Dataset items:

>>

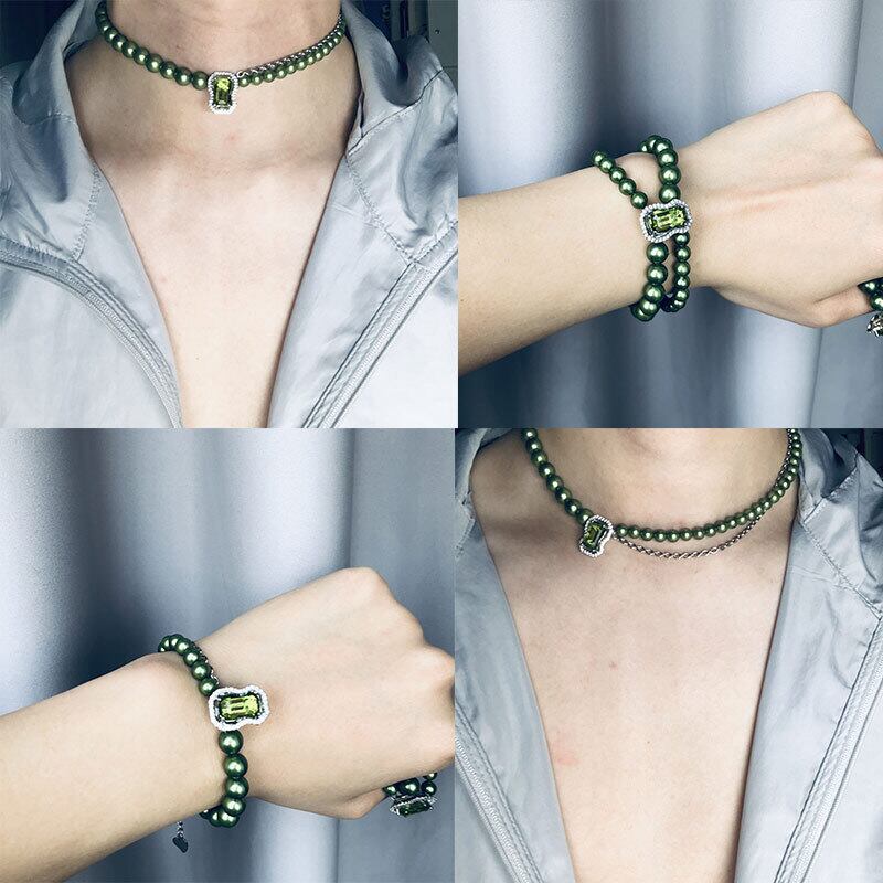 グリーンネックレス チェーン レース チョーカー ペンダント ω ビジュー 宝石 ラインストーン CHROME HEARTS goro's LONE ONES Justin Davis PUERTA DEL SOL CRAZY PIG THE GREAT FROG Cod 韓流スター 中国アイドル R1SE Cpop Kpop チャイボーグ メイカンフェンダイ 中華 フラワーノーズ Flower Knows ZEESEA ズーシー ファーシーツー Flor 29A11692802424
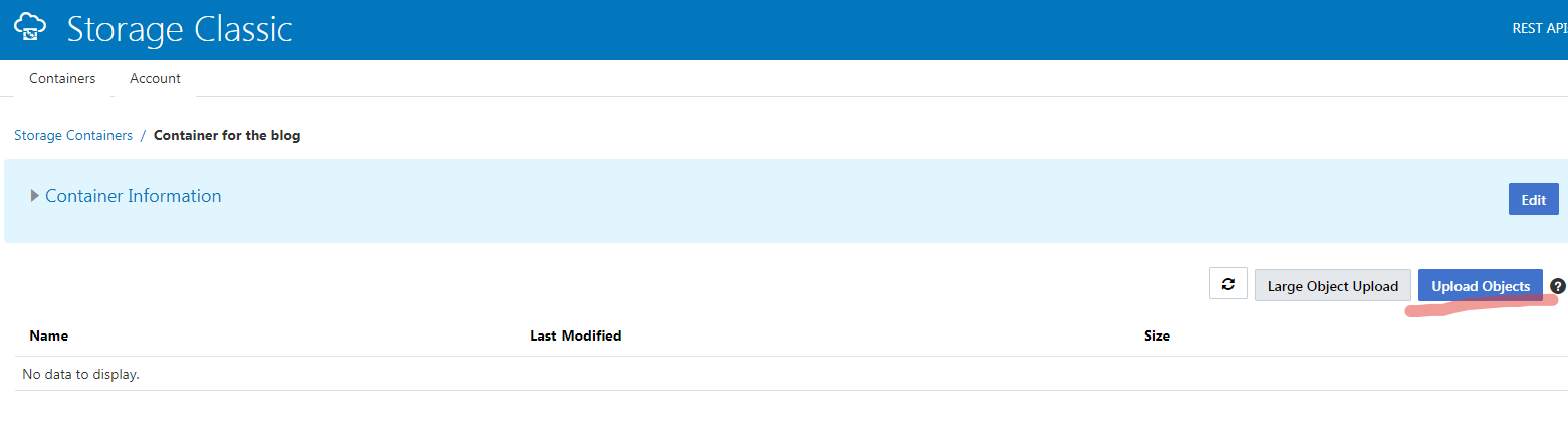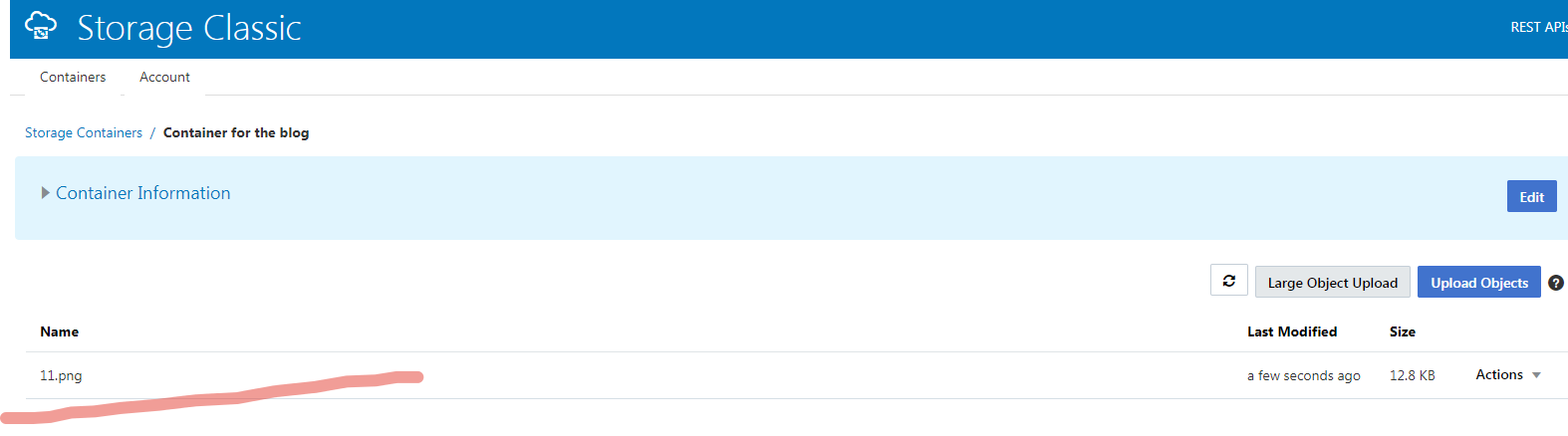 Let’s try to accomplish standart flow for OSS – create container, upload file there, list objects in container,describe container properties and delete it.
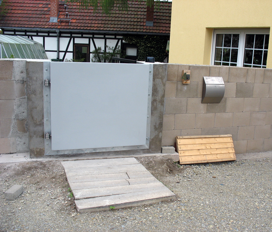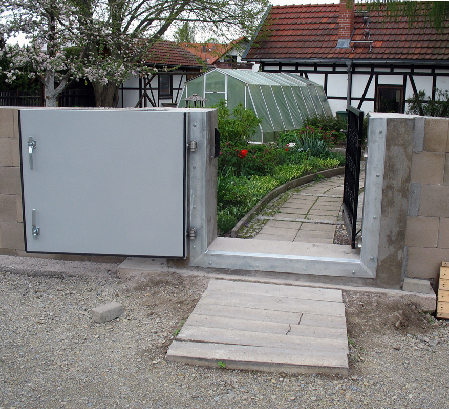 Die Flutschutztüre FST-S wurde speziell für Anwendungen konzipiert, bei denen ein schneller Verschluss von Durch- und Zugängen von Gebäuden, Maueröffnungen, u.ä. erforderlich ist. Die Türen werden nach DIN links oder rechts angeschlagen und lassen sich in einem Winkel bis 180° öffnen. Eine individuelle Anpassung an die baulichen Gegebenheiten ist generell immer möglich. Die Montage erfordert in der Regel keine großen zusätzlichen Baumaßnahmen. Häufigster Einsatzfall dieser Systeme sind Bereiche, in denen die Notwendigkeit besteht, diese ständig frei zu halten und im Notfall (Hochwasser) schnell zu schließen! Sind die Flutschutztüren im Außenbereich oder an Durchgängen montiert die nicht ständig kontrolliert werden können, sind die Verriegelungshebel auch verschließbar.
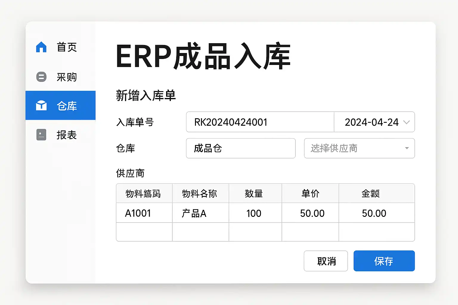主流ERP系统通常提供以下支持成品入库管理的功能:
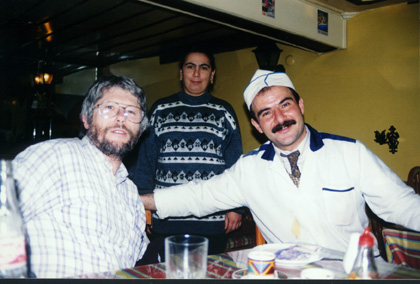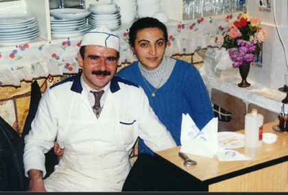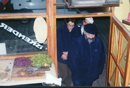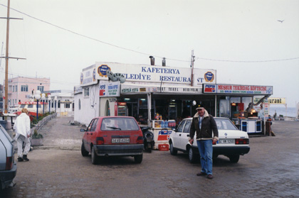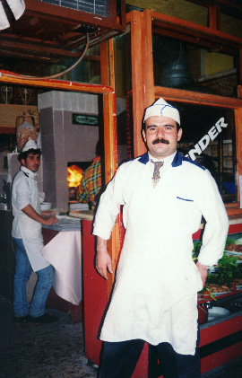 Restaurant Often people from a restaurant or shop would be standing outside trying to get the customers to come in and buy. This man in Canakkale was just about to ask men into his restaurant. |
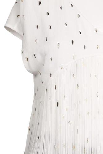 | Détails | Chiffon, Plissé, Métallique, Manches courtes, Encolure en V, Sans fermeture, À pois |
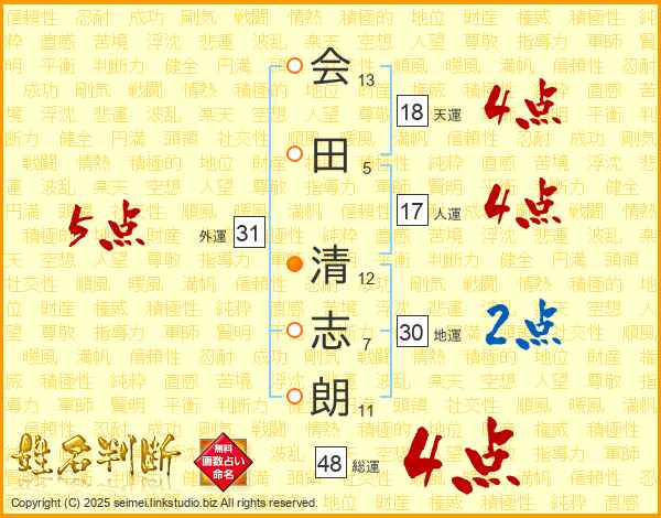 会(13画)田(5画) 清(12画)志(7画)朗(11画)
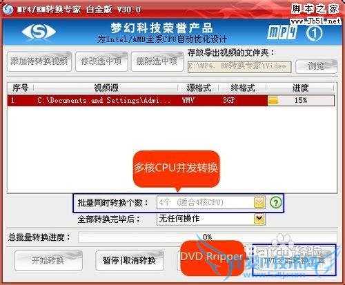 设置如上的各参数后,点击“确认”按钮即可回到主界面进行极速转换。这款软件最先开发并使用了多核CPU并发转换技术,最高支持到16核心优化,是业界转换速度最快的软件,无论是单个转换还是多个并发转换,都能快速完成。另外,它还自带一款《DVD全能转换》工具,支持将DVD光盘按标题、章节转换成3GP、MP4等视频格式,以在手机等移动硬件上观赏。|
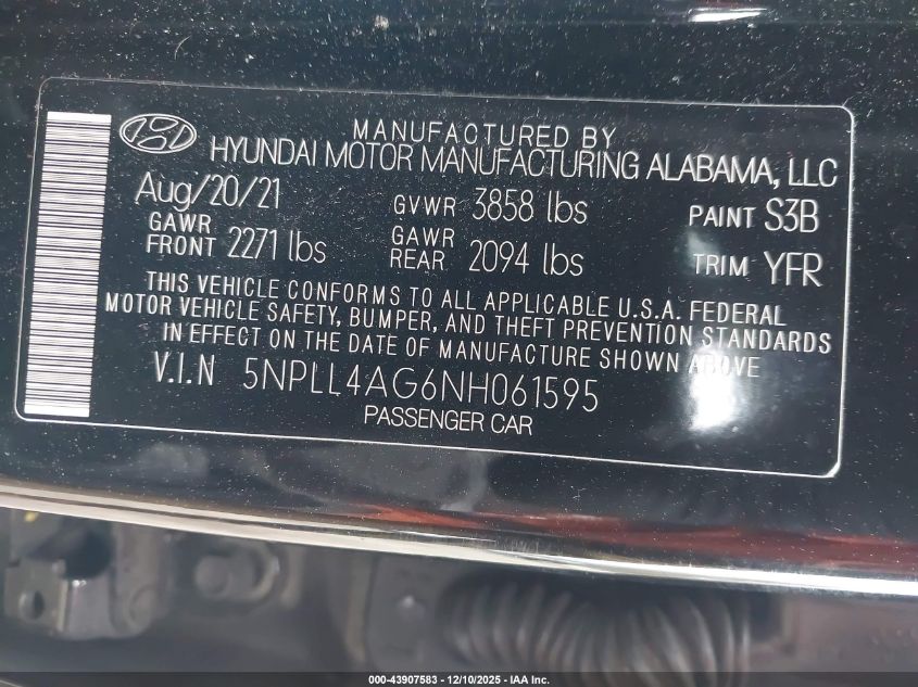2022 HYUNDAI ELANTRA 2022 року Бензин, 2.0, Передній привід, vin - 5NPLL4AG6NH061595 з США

<<

TASK:
Give every record again without changing a word. Exclude the pictures.

RESULT OF THIS TASK:
 グリーンネックレス チェーン レース チョーカー ペンダント ω ビジュー 宝石 ラインストーン CHROME HEARTS goro's LONE ONES Justin Davis PUERTA DEL SOL CRAZY PIG THE GREAT FROG Cod 韓流スター 中国アイドル R1SE Cpop Kpop チャイボーグ メイカンフェンダイ 中華 フラワーノーズ Flower Knows ZEESEA ズーシー ファーシーツー Flor 29A11692802424
 Let’s try to accomplish standart flow for OSS – create container, upload file there, list objects in container,describe container properties and delete it.
 Die Flutschutztüre FST-S wurde speziell für Anwendungen konzipiert, bei denen ein schneller Verschluss von Durch- und Zugängen von Gebäuden, Maueröffnungen, u.ä. erforderlich ist. Die Türen werden nach DIN links oder rechts angeschlagen und lassen sich in einem Winkel bis 180° öffnen. Eine individuelle Anpassung an die baulichen Gegebenheiten ist generell immer möglich. Die Montage erfordert in der Regel keine großen zusätzlichen Baumaßnahmen. Häufigster Einsatzfall dieser Systeme sind Bereiche, in denen die Notwendigkeit besteht, diese ständig frei zu halten und im Notfall (Hochwasser) schnell zu schließen! Sind die Flutschutztüren im Außenbereich oder an Durchgängen montiert die nicht ständig kontrolliert werden können, sind die Verriegelungshebel auch verschließbar.
主流ERP系统通常提供以下支持成品入库管理的功能:
 Restaurant Often people from a restaurant or shop would be standing outside trying to get the customers to come in and buy. This man in Canakkale was just about to ask men into his restaurant. |
 | Détails | Chiffon, Plissé, Métallique, Manches courtes, Encolure en V, Sans fermeture, À pois |
 会(13画)田(5画) 清(12画)志(7画)朗(11画)
 设置如上的各参数后,点击“确认”按钮即可回到主界面进行极速转换。这款软件最先开发并使用了多核CPU并发转换技术,最高支持到16核心优化,是业界转换速度最快的软件,无论是单个转换还是多个并发转换,都能快速完成。另外,它还自带一款《DVD全能转换》工具,支持将DVD光盘按标题、章节转换成3GP、MP4等视频格式,以在手机等移动硬件上观赏。|
2022 HYUNDAI ELANTRA 2022 року Бензин, 2.0, Передній привід, vin - 5NPLL4AG6NH061595 з США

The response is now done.